** PROVIDED MATERIAL follows **

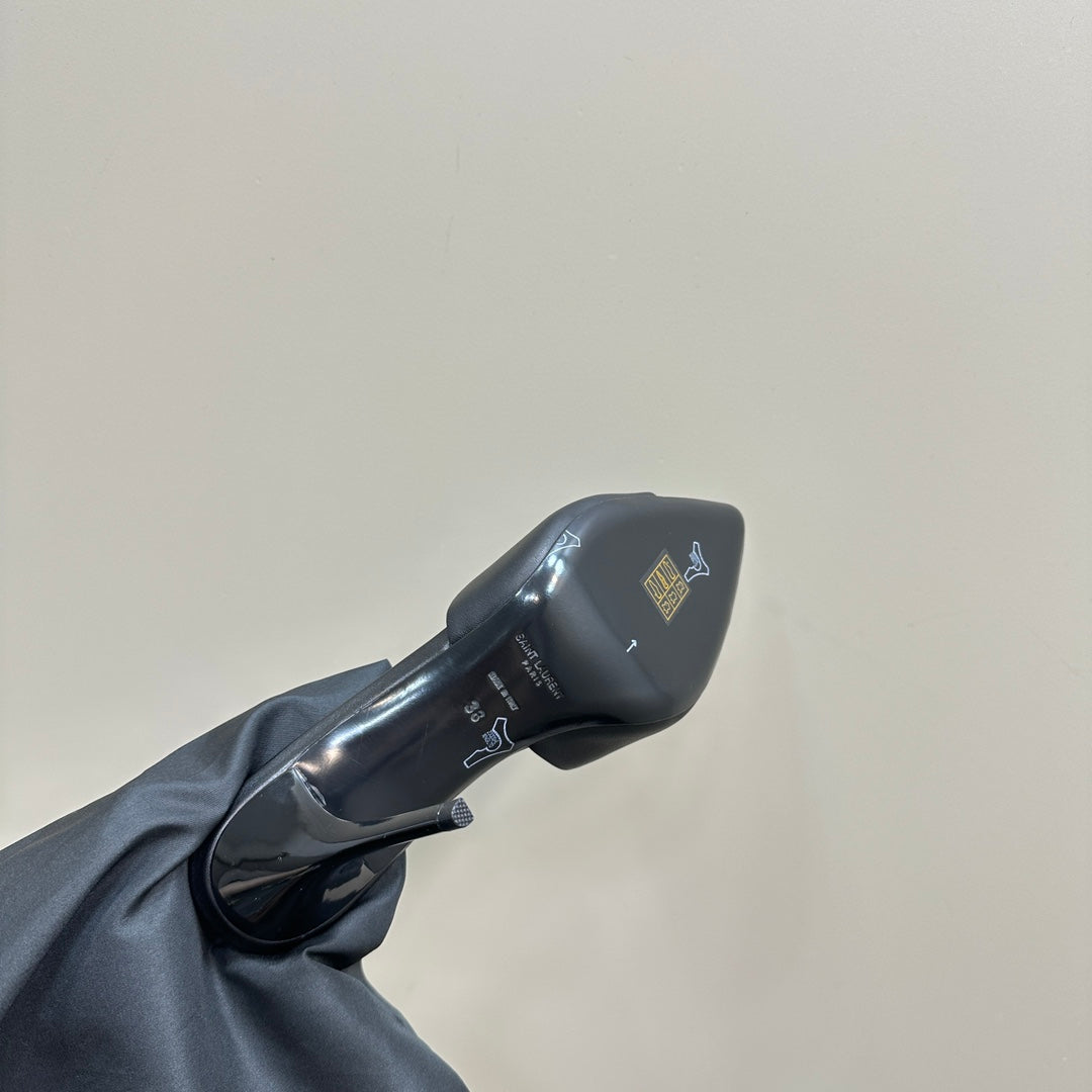 SL BABYLONE SLIDE PUMPS 115 BLACK POLISHED CALFSKIN
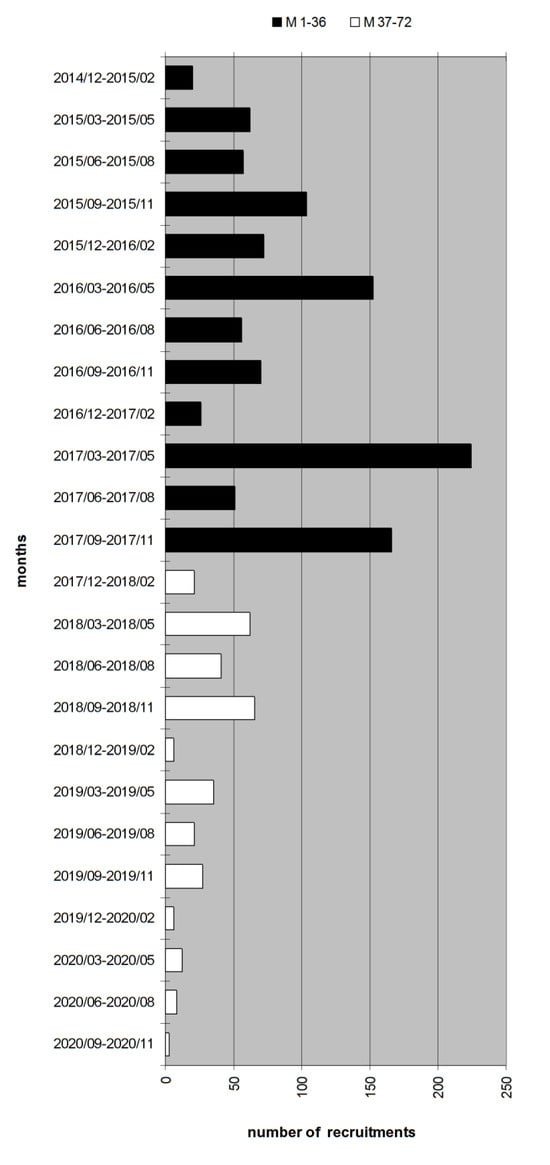 Trend of new recruitments per three-month periods. M 1–36 (black bars) refer to the funded period, while M 37–72 (white bars) refer to the follow-up.
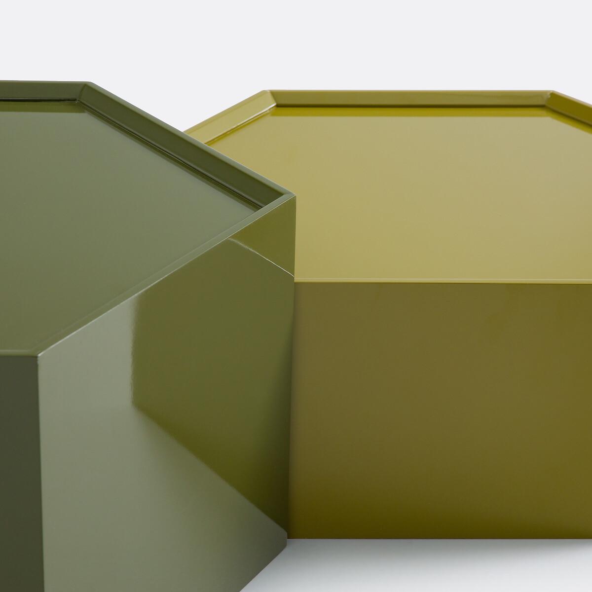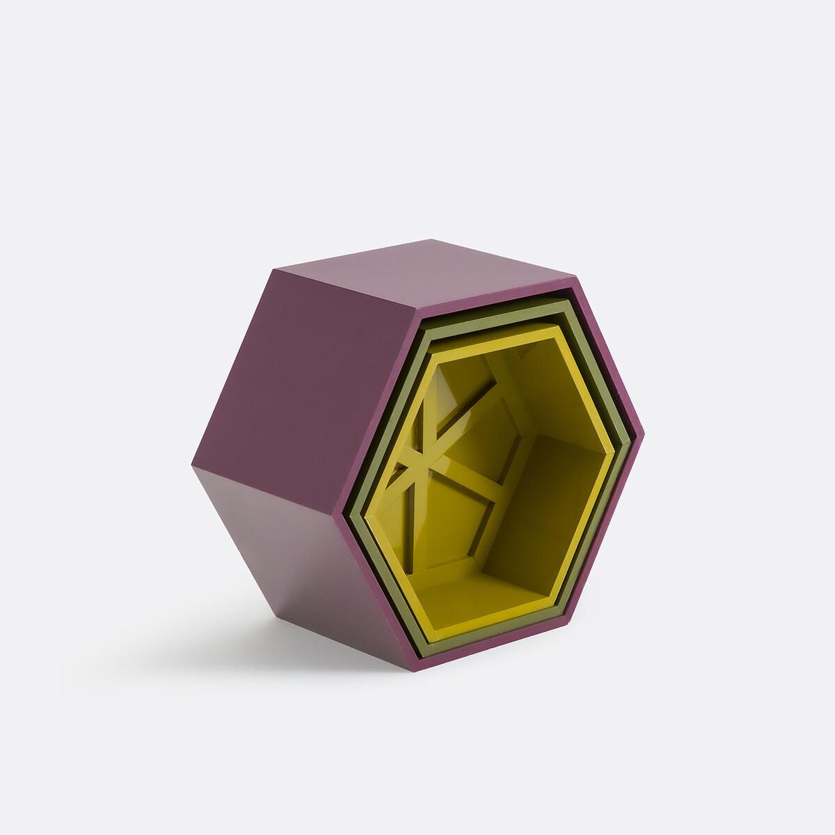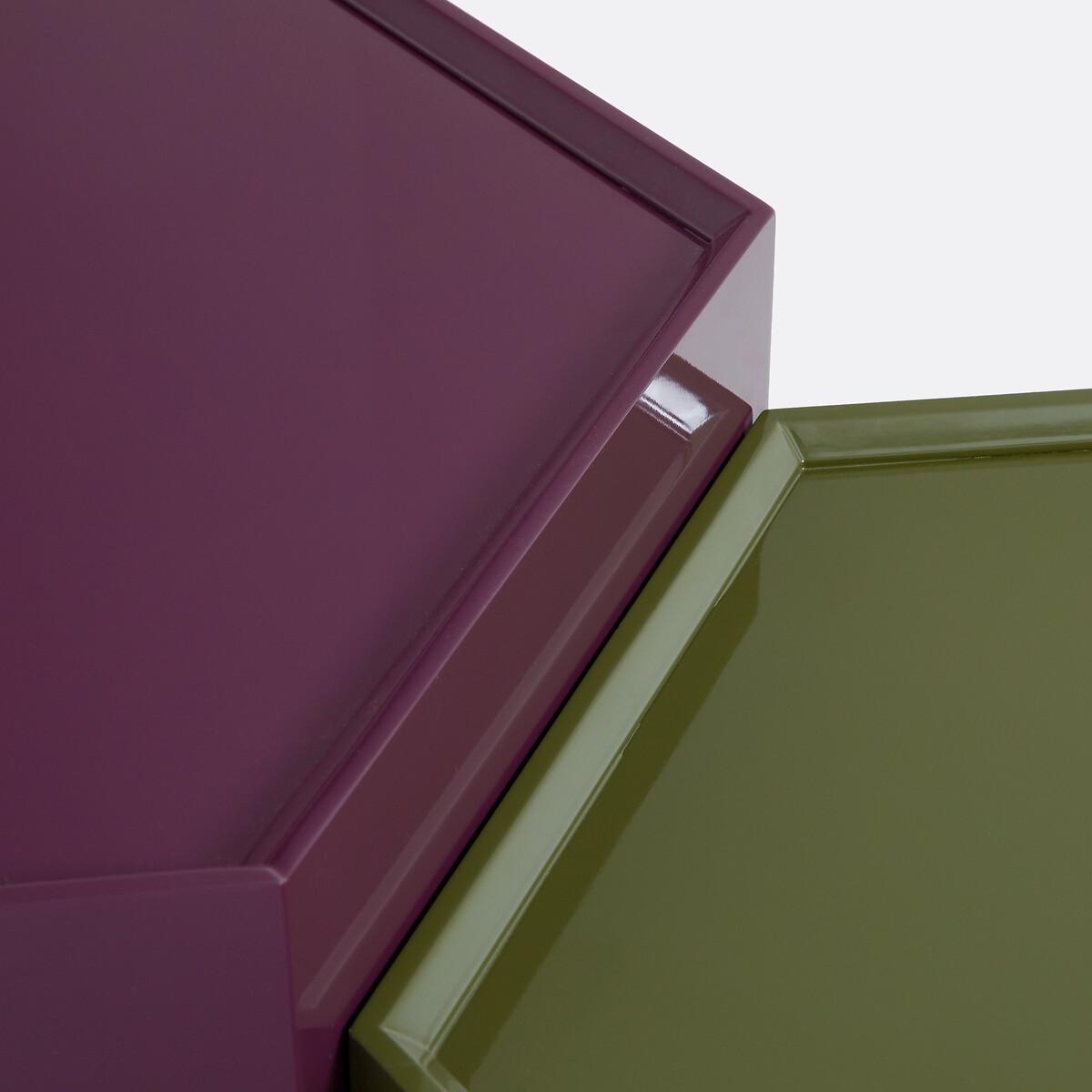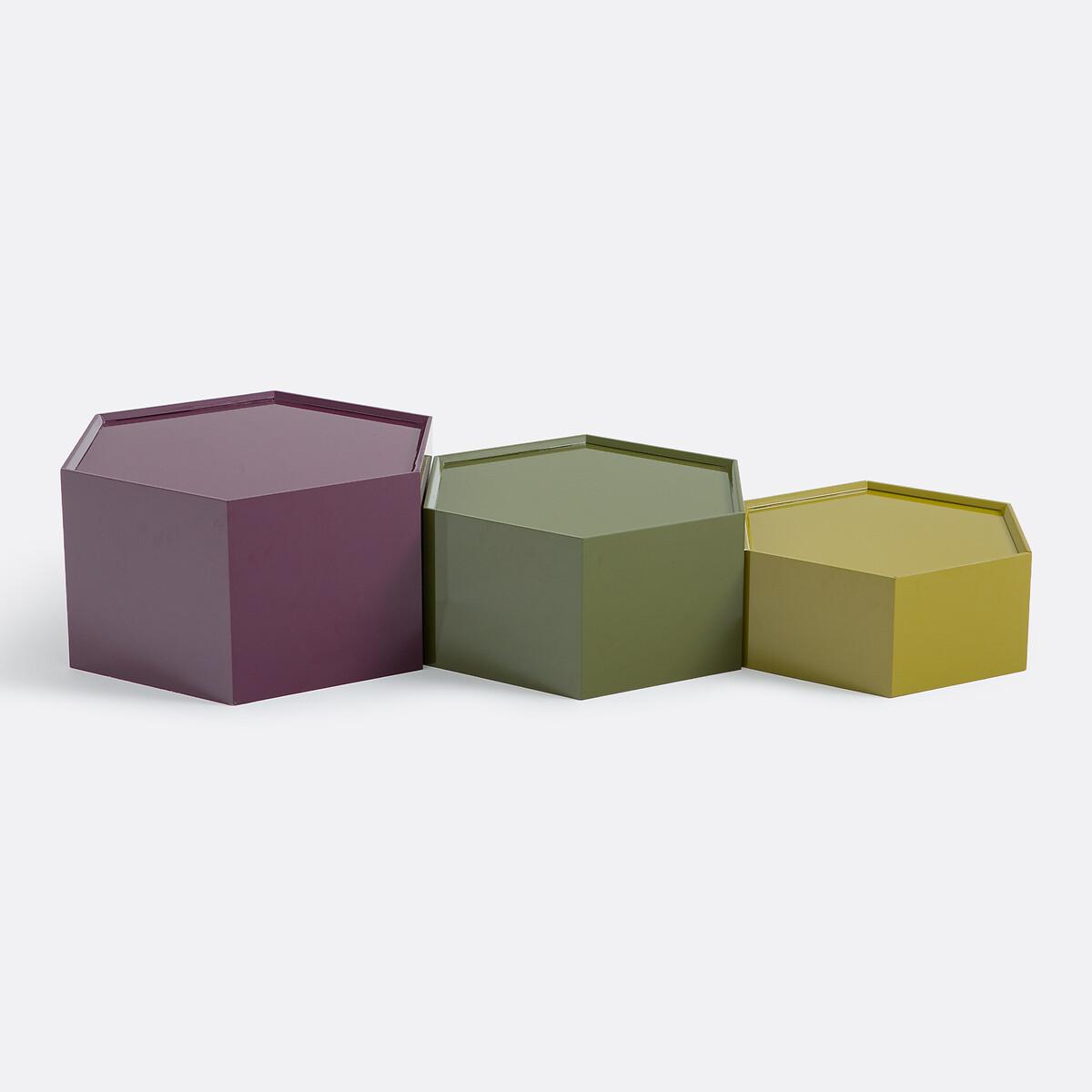 Interplay of heights. Mix of colours. Introducing Wai, the 3 coffee tables in the same hexagonal shape, full of modernity. They sparkle with lacquered wood and practicality. To be arranged scattered, grouped or stacked in the living room. A product designed by our La Redoute Intérieurs designers. Product Details • MDF and melamine, gloss polyurethane lacquer finish • Hexagonal shape • 3 different heights and 3 different colours. Care advice • To protect your coffee tables, consider trivets, coasters and placemats. Dimensions Model 1 • Length: 60cm • Height: 35cm • Depth: 60cm • Weight: 13kg Model 2 • Length: 54cm • Height: 28cm • Depth: 54cm • Weight: 10kg Model 3 • Length: 48cm • Height: 21cm • Depth: 48cm • Weight: 7kg • Sold pre-assembled. • WOOD FROM SUSTAINABLY MANAGED FORESTS. FSC® certified wood comes from forests that are environmentally, socially and economically well managed. Dimensions and weight of parcel1 parcel • W71 x H36 x D62cm, 34.1kg

** End of PROVIDED MATERIAL **

_TASK BRIEF_
The lines to be transcribed are those from the first line of the data above through the line holding "Trend of new", inclusive; copy them exactly and only, leaving out the pictures.

_RESPONSE TO THIS EXERCISE_
 SL BABYLONE SLIDE PUMPS 115 BLACK POLISHED CALFSKIN
 Trend of new recruitments per three-month periods. M 1–36 (black bars) refer to the funded period, while M 37–72 (white bars) refer to the follow-up.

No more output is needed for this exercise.